◆ What you are asked to do
Take nothing but the lines from the one with "Programul manifestarilor: 13" through the one with "In einer wunderschönen" in the entries below, both ends kept, and return them exactly with pictures left out.

*** Data under study Section Begins ***

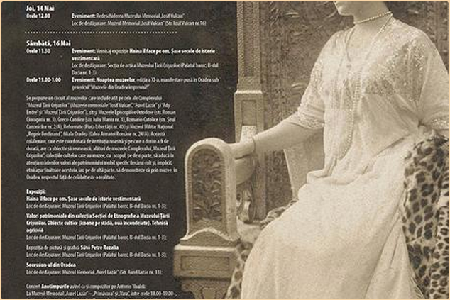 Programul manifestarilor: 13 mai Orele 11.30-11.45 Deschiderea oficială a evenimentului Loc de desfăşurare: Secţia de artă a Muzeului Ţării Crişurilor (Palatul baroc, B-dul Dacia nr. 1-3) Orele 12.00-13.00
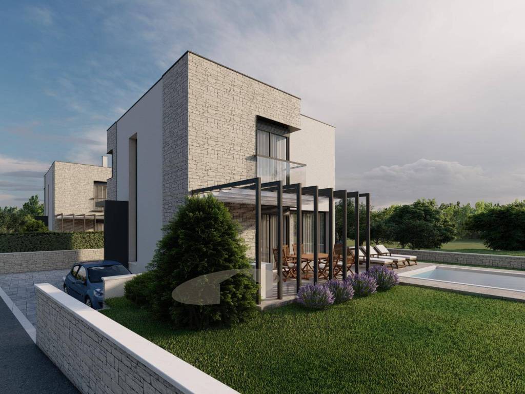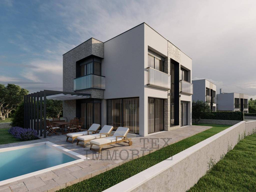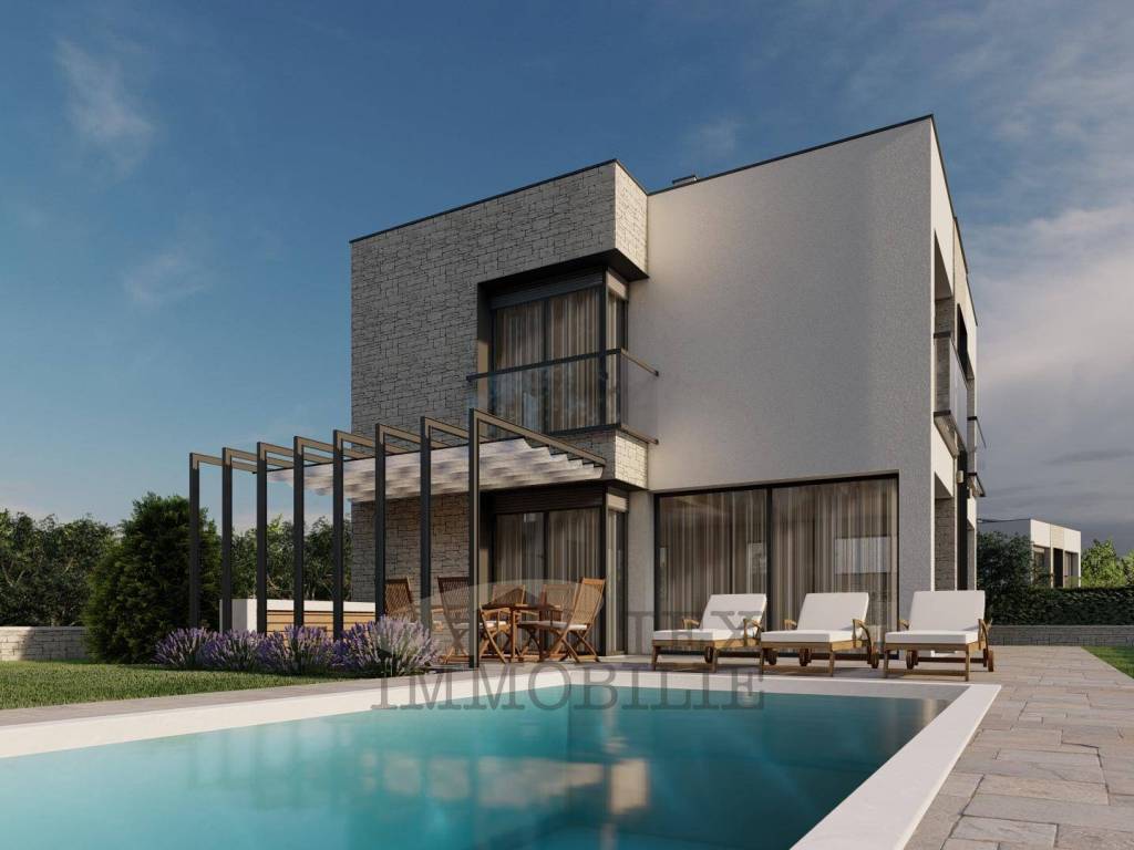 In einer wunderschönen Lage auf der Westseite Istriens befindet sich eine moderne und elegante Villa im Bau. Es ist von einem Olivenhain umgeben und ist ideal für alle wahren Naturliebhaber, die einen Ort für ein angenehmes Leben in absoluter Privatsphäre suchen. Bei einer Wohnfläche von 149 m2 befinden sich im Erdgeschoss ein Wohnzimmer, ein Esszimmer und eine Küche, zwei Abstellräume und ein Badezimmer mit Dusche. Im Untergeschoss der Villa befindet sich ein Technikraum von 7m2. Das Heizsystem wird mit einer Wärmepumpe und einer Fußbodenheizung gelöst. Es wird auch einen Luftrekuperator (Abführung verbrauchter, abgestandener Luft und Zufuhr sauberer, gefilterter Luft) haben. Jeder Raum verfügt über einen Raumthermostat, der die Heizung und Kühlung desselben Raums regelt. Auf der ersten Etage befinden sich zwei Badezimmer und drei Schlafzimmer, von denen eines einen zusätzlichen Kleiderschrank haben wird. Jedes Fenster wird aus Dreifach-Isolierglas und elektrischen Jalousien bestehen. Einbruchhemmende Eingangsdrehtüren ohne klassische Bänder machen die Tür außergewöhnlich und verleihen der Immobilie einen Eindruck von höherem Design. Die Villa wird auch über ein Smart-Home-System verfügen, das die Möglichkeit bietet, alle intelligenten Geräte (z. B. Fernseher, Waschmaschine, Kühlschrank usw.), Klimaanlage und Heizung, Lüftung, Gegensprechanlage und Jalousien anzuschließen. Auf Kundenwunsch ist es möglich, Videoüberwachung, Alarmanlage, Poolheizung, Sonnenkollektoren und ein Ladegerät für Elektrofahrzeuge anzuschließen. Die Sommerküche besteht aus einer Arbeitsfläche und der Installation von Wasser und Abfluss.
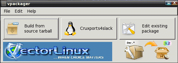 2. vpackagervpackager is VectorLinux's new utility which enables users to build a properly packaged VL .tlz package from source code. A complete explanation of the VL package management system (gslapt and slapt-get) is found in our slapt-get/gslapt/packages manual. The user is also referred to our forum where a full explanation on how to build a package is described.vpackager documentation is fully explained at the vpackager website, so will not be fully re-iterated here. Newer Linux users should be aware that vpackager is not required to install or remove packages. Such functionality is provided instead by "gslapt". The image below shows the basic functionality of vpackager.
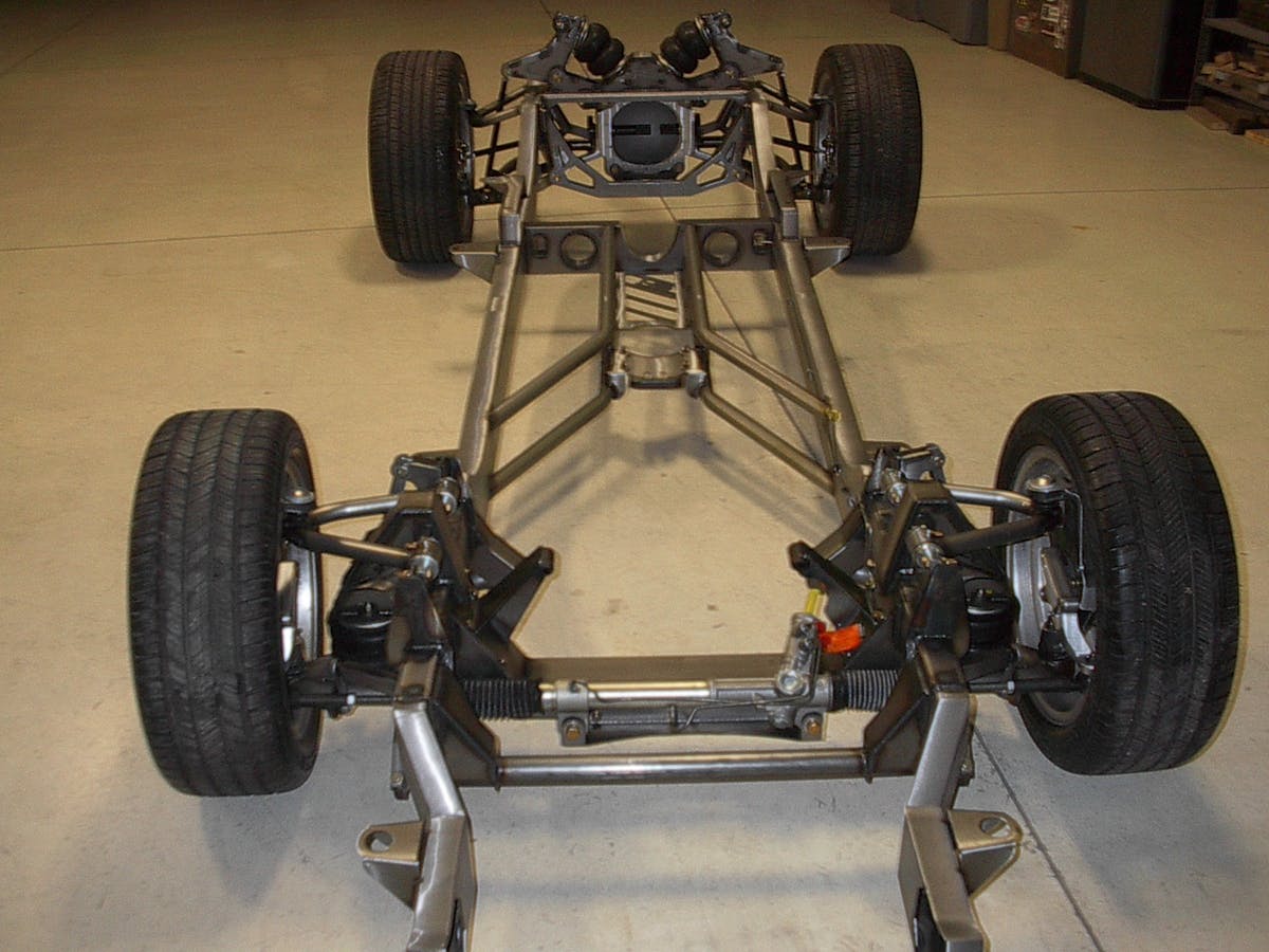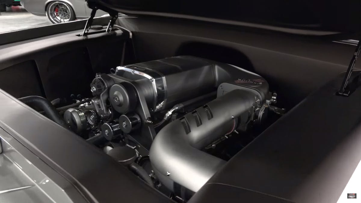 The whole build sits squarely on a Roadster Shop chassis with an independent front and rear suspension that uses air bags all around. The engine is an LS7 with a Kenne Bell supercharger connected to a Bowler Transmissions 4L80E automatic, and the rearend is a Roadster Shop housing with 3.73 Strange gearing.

*** Data under study Section Ends ***
*** Data under study Section Begins ***

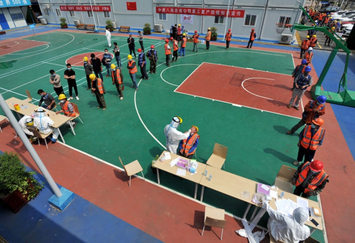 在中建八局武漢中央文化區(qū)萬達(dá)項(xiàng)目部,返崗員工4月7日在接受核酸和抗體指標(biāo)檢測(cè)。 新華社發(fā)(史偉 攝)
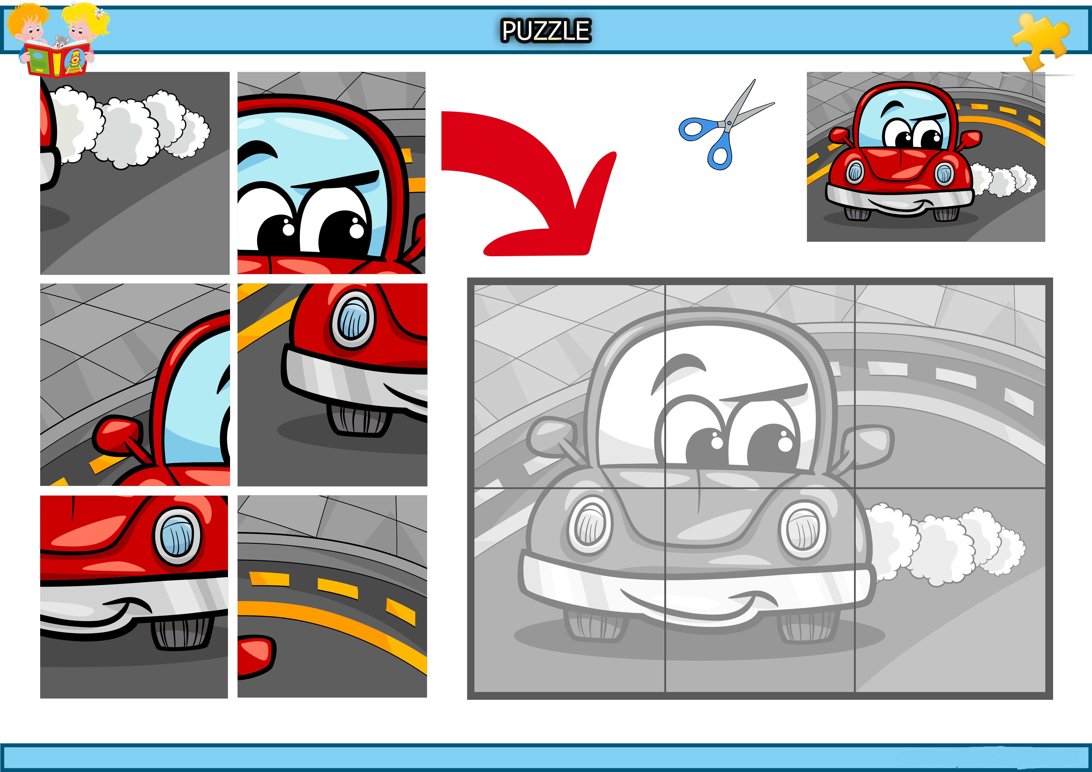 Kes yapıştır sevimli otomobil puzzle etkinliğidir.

*** Data under study Section Ends ***
*** Data under study Section Begins ***

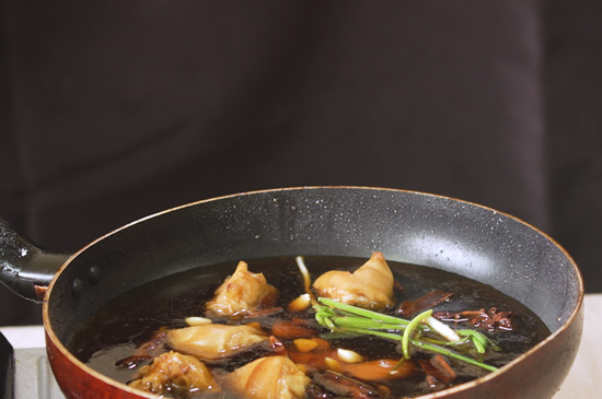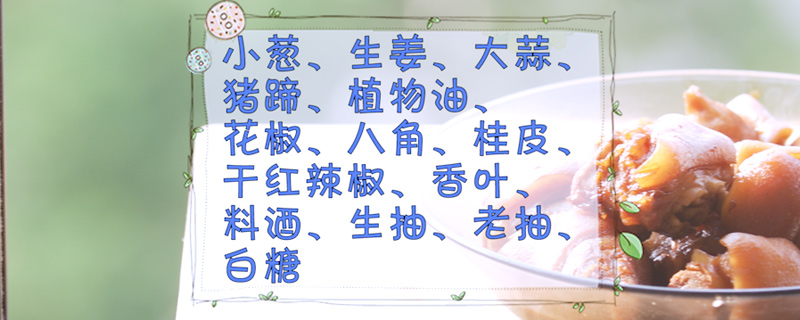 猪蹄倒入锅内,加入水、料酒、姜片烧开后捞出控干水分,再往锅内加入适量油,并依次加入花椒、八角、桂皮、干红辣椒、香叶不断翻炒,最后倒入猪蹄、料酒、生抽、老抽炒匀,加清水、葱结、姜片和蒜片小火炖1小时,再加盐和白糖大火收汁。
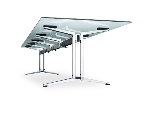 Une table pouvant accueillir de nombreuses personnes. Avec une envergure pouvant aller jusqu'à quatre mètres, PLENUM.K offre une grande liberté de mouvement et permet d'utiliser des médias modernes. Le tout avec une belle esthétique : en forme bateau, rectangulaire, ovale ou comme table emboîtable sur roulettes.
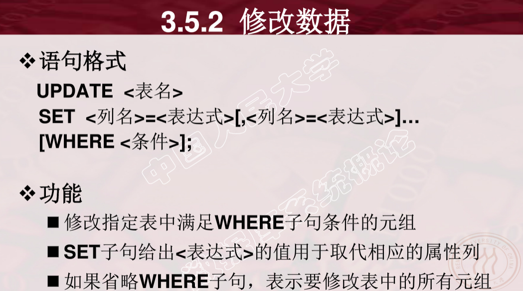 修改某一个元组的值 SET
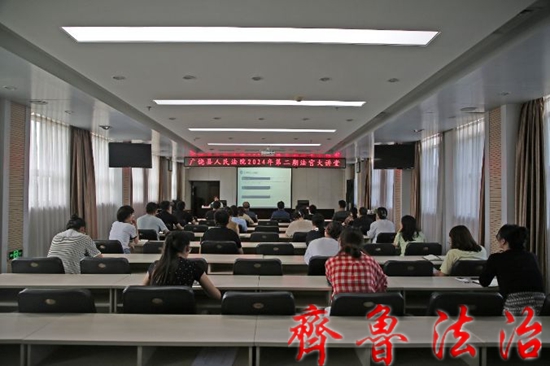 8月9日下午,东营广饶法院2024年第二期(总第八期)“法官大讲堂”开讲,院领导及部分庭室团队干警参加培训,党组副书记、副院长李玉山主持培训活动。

*** Data under study Section Ends ***

◆ Result of the task
 Programul manifestarilor: 13 mai Orele 11.30-11.45 Deschiderea oficială a evenimentului Loc de desfăşurare: Secţia de artă a Muzeului Ţării Crişurilor (Palatul baroc, B-dul Dacia nr. 1-3) Orele 12.00-13.00
 In einer wunderschönen Lage auf der Westseite Istriens befindet sich eine moderne und elegante Villa im Bau. Es ist von einem Olivenhain umgeben und ist ideal für alle wahren Naturliebhaber, die einen Ort für ein angenehmes Leben in absoluter Privatsphäre suchen. Bei einer Wohnfläche von 149 m2 befinden sich im Erdgeschoss ein Wohnzimmer, ein Esszimmer und eine Küche, zwei Abstellräume und ein Badezimmer mit Dusche. Im Untergeschoss der Villa befindet sich ein Technikraum von 7m2. Das Heizsystem wird mit einer Wärmepumpe und einer Fußbodenheizung gelöst. Es wird auch einen Luftrekuperator (Abführung verbrauchter, abgestandener Luft und Zufuhr sauberer, gefilterter Luft) haben. Jeder Raum verfügt über einen Raumthermostat, der die Heizung und Kühlung desselben Raums regelt. Auf der ersten Etage befinden sich zwei Badezimmer und drei Schlafzimmer, von denen eines einen zusätzlichen Kleiderschrank haben wird. Jedes Fenster wird aus Dreifach-Isolierglas und elektrischen Jalousien bestehen. Einbruchhemmende Eingangsdrehtüren ohne klassische Bänder machen die Tür außergewöhnlich und verleihen der Immobilie einen Eindruck von höherem Design. Die Villa wird auch über ein Smart-Home-System verfügen, das die Möglichkeit bietet, alle intelligenten Geräte (z. B. Fernseher, Waschmaschine, Kühlschrank usw.), Klimaanlage und Heizung, Lüftung, Gegensprechanlage und Jalousien anzuschließen. Auf Kundenwunsch ist es möglich, Videoüberwachung, Alarmanlage, Poolheizung, Sonnenkollektoren und ein Ladegerät für Elektrofahrzeuge anzuschließen. Die Sommerküche besteht aus einer Arbeitsfläche und der Installation von Wasser und Abfluss.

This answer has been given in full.